The correct portfolio for Ananya
The correct shift for Abhijeet is to cap his SSY contribution at Rs 75,000 a 12 months, half the present quantity, and redirect the freed Rs 6,250 a month into his fairness SIP, taking it from Rs 15,000 to Rs 21,250. The brand new break up sits at roughly 77 per cent fairness and 23 per cent debt.
For the fairness portion, a flexi-cap or multi-cap fund is the appropriate core holding. Each enable the fund supervisor to speculate throughout massive, mid and small-sized firms, which fits a protracted horizon effectively. Mid- and small-cap publicity generates greater long-term development potential; the large-cap portion supplies relative stability throughout downturns.
If Abhijeet nonetheless claims deductions beneath the previous tax regime, an ELSS fund can change the redirected Rs 6,250 every month, because it carries the identical 80C tax profit the SSY contribution did.

A 7 per cent annual step-up on the SIP, roughly in step with a modest annual wage enhance, retains contributions rising with earnings with out requiring a acutely aware determination annually.
The inflation charge for undergrad and postgrad is taken into account to be 8 per cent every year, whereas the marriage purpose is taken into account to be 6 per cent p.a. The speed of return for fairness is taken into account to be 12 per cent p.a., and for SSY, 8.2 per cent p.a.
Simulating the outcomes with the revised plan in an identical surroundings, 12 per cent annual development in fairness mutual funds and eight.2 per cent in SSY, all three milestones are funded, with a Rs 40 lakh cushion on the wedding ceremony.
The default 55:45 plan funds the primary two however falls Rs 1 crore quick on the final one. The allocation was the one factor that modified.
Two issues value understanding
The final mile. Fairness builds the corpus. It’s also the incorrect place to carry cash two years earlier than you want it. Start shifting the goal-specific portion right into a short-duration debt fund 24 to 36 months earlier than every milestone. Shift the undergraduate corpus when Ananya turns 15, the postgraduate corpus at 19 and the marriage corpus at 24. Many in any other case sound plans come aside at precisely this stage.

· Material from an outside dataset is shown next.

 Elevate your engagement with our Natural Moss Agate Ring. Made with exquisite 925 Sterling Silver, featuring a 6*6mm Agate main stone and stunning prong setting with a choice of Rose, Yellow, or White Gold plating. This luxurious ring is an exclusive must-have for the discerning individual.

Investing in Ananya’s identify. Part 64(1A) of the Revenue Tax Act treats earnings earned in a minor’s identify because the mother or father’s earnings till the kid turns 18, which neutralises the supposed tax saving solely. There’s additionally operational friction: a minor PAN, necessary folio conversion at 18 and parent-as-guardian on each transaction. None of that is definitely worth the effort. Maintain the mutual funds in your individual identify, earmark the corpus on a monitoring sheet for Ananya’s targets and switch the models to her identify when she turns 18 through MF Central or the CAMS portal. SSY is the real exception. It’s, by design, a beneficiary account within the youngster’s identify.

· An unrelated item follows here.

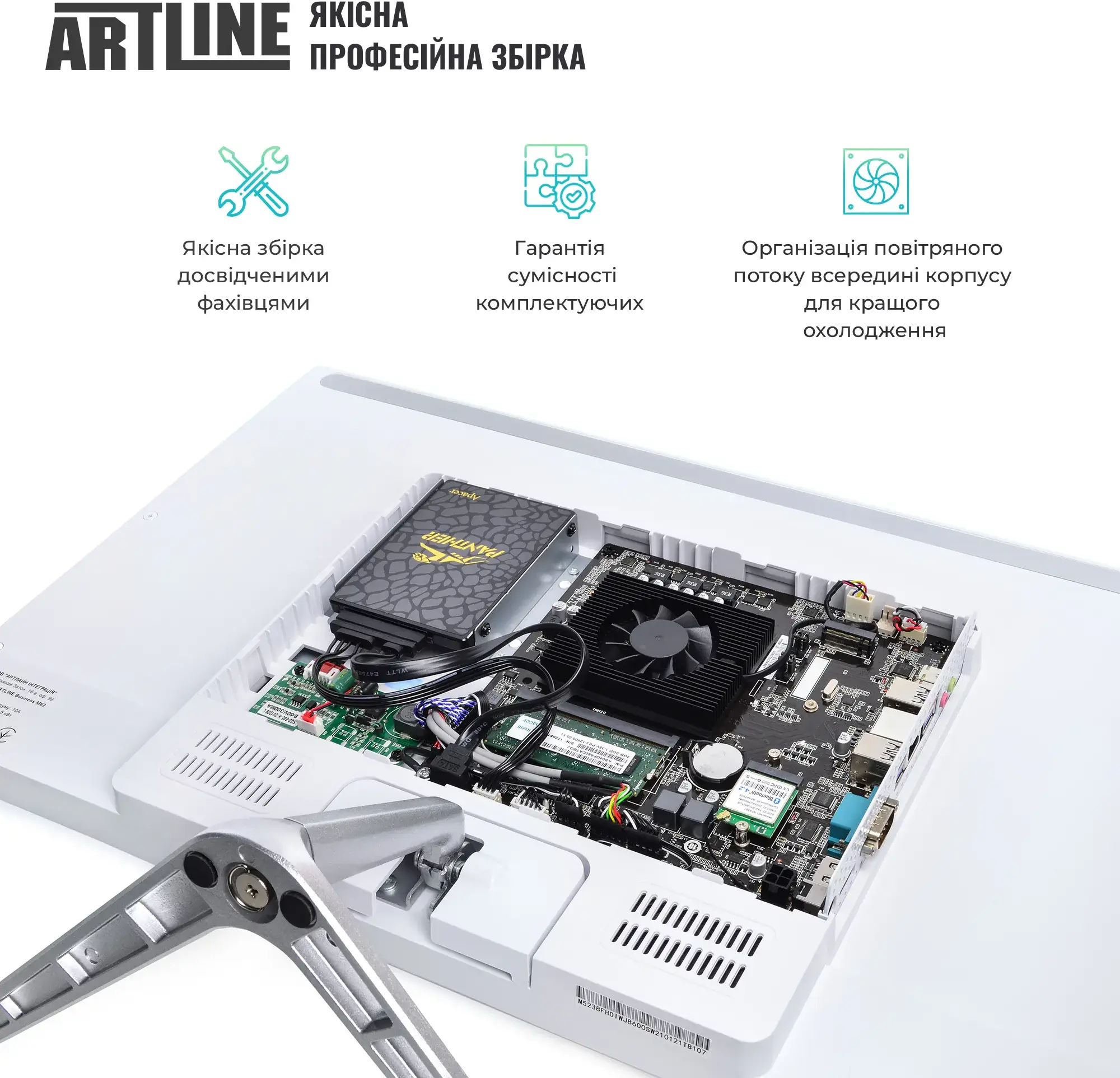 Моноблок ARTLINE Business M61 Windows 11 Pro (M61v41Win) – це сучасне рішення для дому та офісу, що поєднує стильний безрамковий дизайн та високу продуктивність. Пристрій оснащений 4-ядерним процесором Intel N95 із частотою до 3.4 ГГц, 8 ГБ оперативної пам'яті DDR4-3200 SODIMM та швидким SSD-накопичувачем об'ємом 120 ГБ. Яскравий 23.8-дюймовий IPS-екран з роздільною здатністю Full HD (1920x1080) забезпечує чітке та насичене зображення під будь-яким кутом огляду. Вбудована графіка Intel HD, веб-камера 1.3 Мп та стереодинаміки роблять роботу та спілкування максимально зручними. Моноблок підтримує Wi-Fi 802.11ac, оснащений портами USB 3.0, HDMI, LAN, COM та кардрідером. Корпус Artline AiO X5 відрізняється компактністю (539x403x57 мм) та легкістю (7 кг), а блок живлення потужністю 48 Вт забезпечує стабільну роботу. Поставляється в комплекті з блоком живлення, кабелем та документацією. Гарантія – 38 місяців. Колір – білий.

The price of rising up is excessive and rising. The reply shouldn’t be a particular youngster plan or a bundled insurance coverage product. It’s the proper allocation, held for lengthy sufficient, with a transparent plan for the previous couple of years earlier than every milestone arrives.
That’s it. The whole lot else is noise.
Additionally learn: Course of earlier than efficiency
This text was initially revealed on Might 20, 2026.